§ Your assignment
Repeat the data word for word and skip the pictures.

§ Information supplied
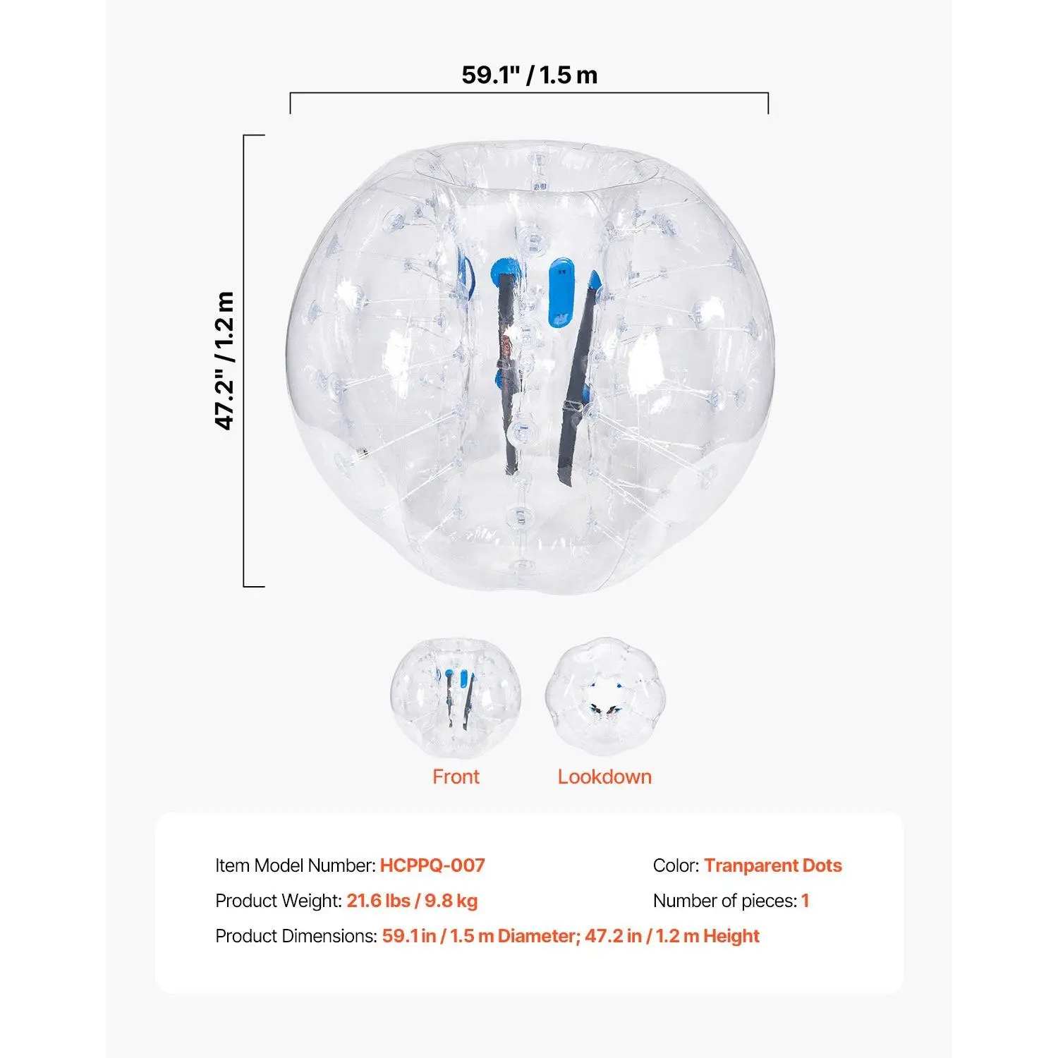 Our meticulously designed bumper balls, with easy-to-wear feature, offer you great convenience for game time. They are suitable for teenagers and adults, with a height range of 4.9 ft - 6 ft. Choose our bumper balls now, and enjoy the joy with friends!
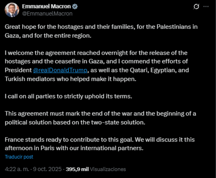 Finalmente, el mandatario francés, Emmanuel Macron, se refirió al acuerdo en el marco de su postura reciente a favor del reconocimiento de un Estado palestino ante la ONU. Según dijo, espera que este entendimiento “permita avanzar hacia una solución política de dos Estados una vez que se haya puesto fin al conflicto entre Israel y Hamas”.
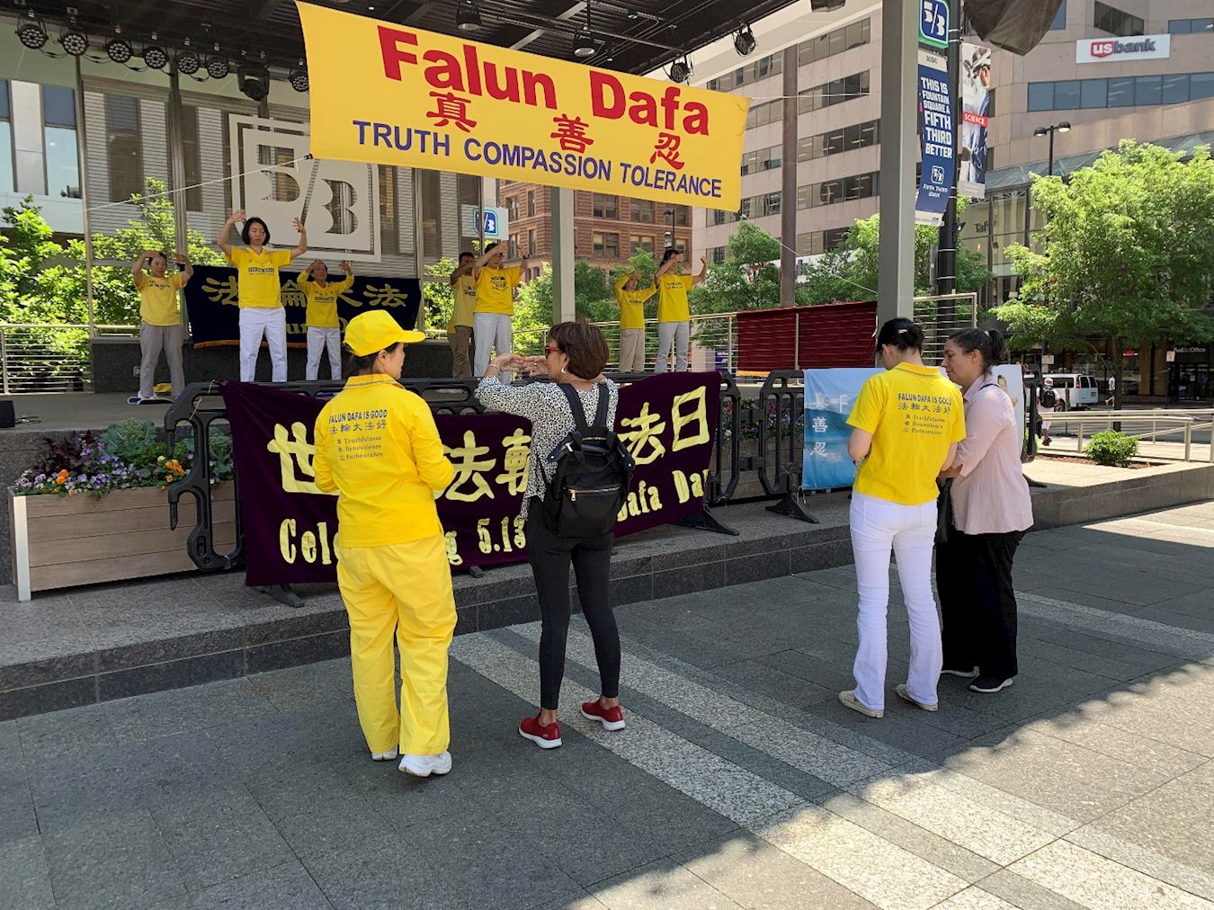 在场的人们都感到祥和的气氛。一位由四位亲友陪同庆祝生日的女士说,非常高兴能在此时来到喷泉广场得知法轮功,还表示要进一步了解法轮大法。

§ Exercise response
 Our meticulously designed bumper balls, with easy-to-wear feature, offer you great convenience for game time. They are suitable for teenagers and adults, with a height range of 4.9 ft - 6 ft. Choose our bumper balls now, and enjoy the joy with friends!
 Finalmente, el mandatario francés, Emmanuel Macron, se refirió al acuerdo en el marco de su postura reciente a favor del reconocimiento de un Estado palestino ante la ONU. Según dijo, espera que este entendimiento “permita avanzar hacia una solución política de dos Estados una vez que se haya puesto fin al conflicto entre Israel y Hamas”.
 在场的人们都感到祥和的气氛。一位由四位亲友陪同庆祝生日的女士说,非常高兴能在此时来到喷泉广场得知法轮功,还表示要进一步了解法轮大法。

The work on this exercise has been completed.